If TARP Were A VC Fund
Thursday, February 12th, 2009
Almost every day we meet other entrepreneurs, some of which are looking for funding. While we currently are not, we still go out of our way to have things in order should we need to go down that path. At a time where VC and Angel funding are on the decline and some VC firms are struggling to find funding themselves, I thought I’d muse over what it would be like if the Troubled Assets Relief Program (TARP) was turned into a VC fund.
The Preparation (For the “unproven” entrepreneur)
Instead having to go through the “hassle” of:
- Knowing the market you’re getting into,
- Busting tail nights and weekends of your own time to build your product or service on your own dime and at the expense of your family and social life,
- Proving if a need or value to your product or service exists,
- Understanding how much people would be willing to pay for it,
- Having an intelligent thought process behind how and when your company will be profitable,
- Thoroughly knowing your burn rate and proving that you’ll keep it as low as possible,
- Proving that you’ve got a quality team because you don’t have the money to continually screw up or carry dead weight, and
- Having a deep understanding of who your competition is/will be and how you will differentiate yourself and be successful against them;
All you have to do is figure out what suit to wear and memorize “Without us, the whole economy will fail.”

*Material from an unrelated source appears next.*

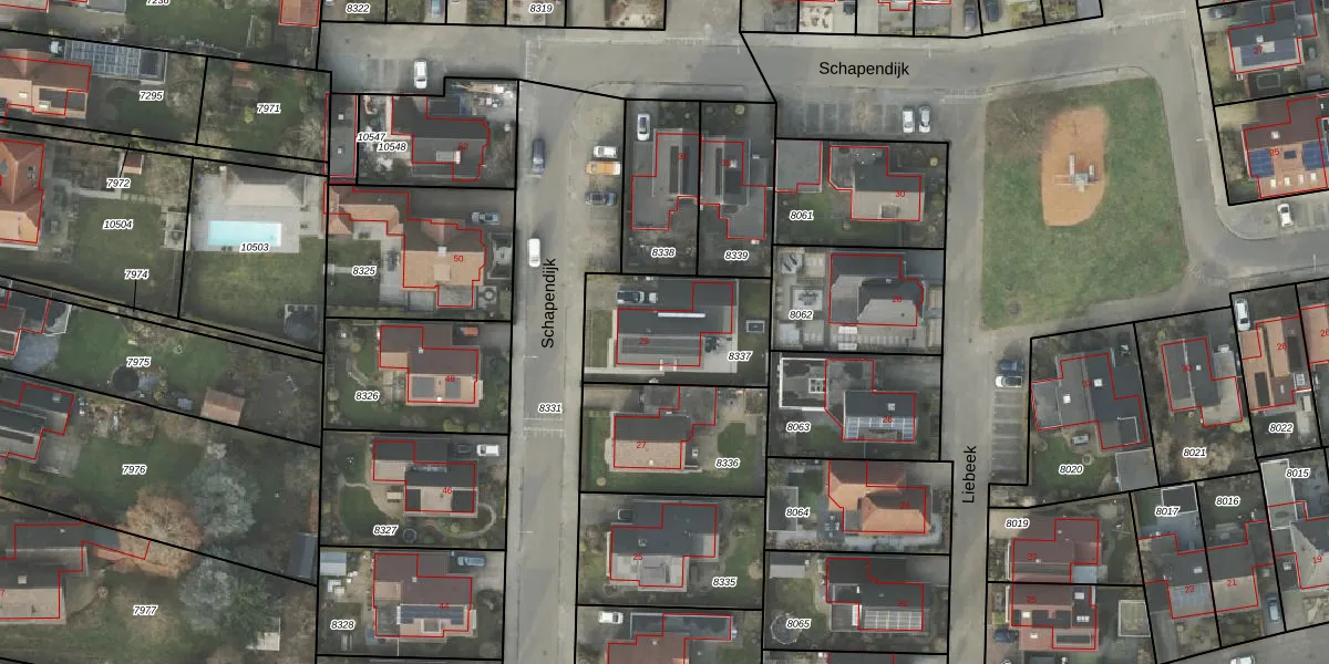Gebruik de zoekbalk of klik op een perceel voor informatie over de adressen binnen dit perceel.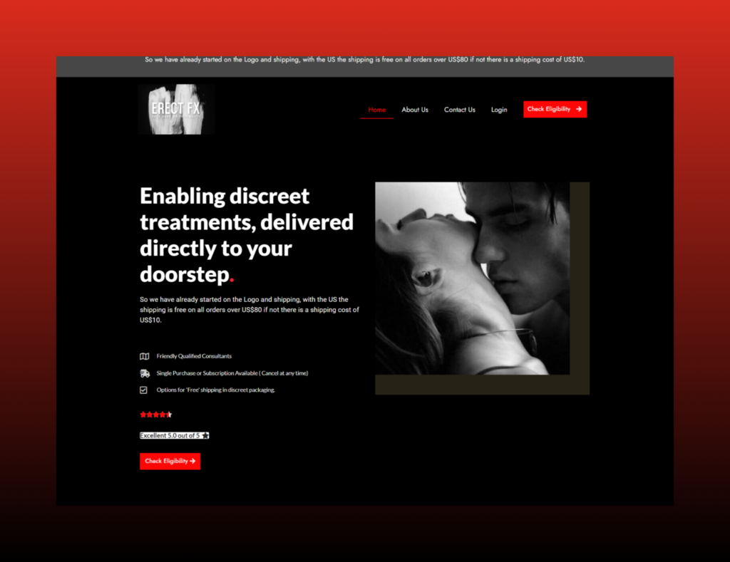For ErectFX, our goal was to create a website that upholds the values of discretion and convenience while providing essential health solutions. We designed a platform that emphasizes global standards of care and confidentiality, catering to users seeking reliable and private treatment options.

The Presentation(s) (Multiple in the real world, One for TARP)
Instead going through a presentation:
- That (per the people you’re trying to get to invest) needs to be descriptive but succinct, qualitative but to the point,
- Knowing that you may have to start over a few times as people come in late,
- Being hammered with questions by people that know what they’re talking about (if you’ve done your research and selected firms that know you’re area and can help you out with expertise and connections as well as money) that try to poke wholes in your plans for which you have to have a solid answer for right there,
- Addressing multiple what-ifs, and
- Keeps you on your toes for the whole time you’re there knowing that the most you should probably hope for is a follow up call to share more info;
All you have to do is give a high level description of your “plan”, suggest that you’re going to hire a ton of people up front who’s jobs, and hence the economy, depend on this money and then kick back and zone out while you take thirty minutes of verbal abuse from people that don’t know what they’re talking about.
How awesome would that be? Millions of dollars for less then an hour of listening to people on a soap box!
The Follow Through
So now that you’ve got the funding, instead of:
- Busting your tail even more because others have trusted you with their money
- Learning as much as you can as fast as you can from your new advisors
- Working with your investors to take advantage of their network and making damn sure you represent them and your company well as they’ve tied their reputations to you
- Executing your plan while trying to make as few mistakes as possible
- Hiring quality people that fit with your team only when you’ve needed someone in that role for a month already and not because you think you should have a Director of Business Development because other companies do even though your product isn’t ready yet
- Making sure you have a good story to tell at your board meeting every six weeks and showing that you’re meeting your commitments
All you have to do is give yourself a bonus for getting that funding, think about what you’re actually going to do, and have a few meetings to try and get something going until you need to go back and ask for more money.
That’s a good dream. OK, now back to the real world and busting tail.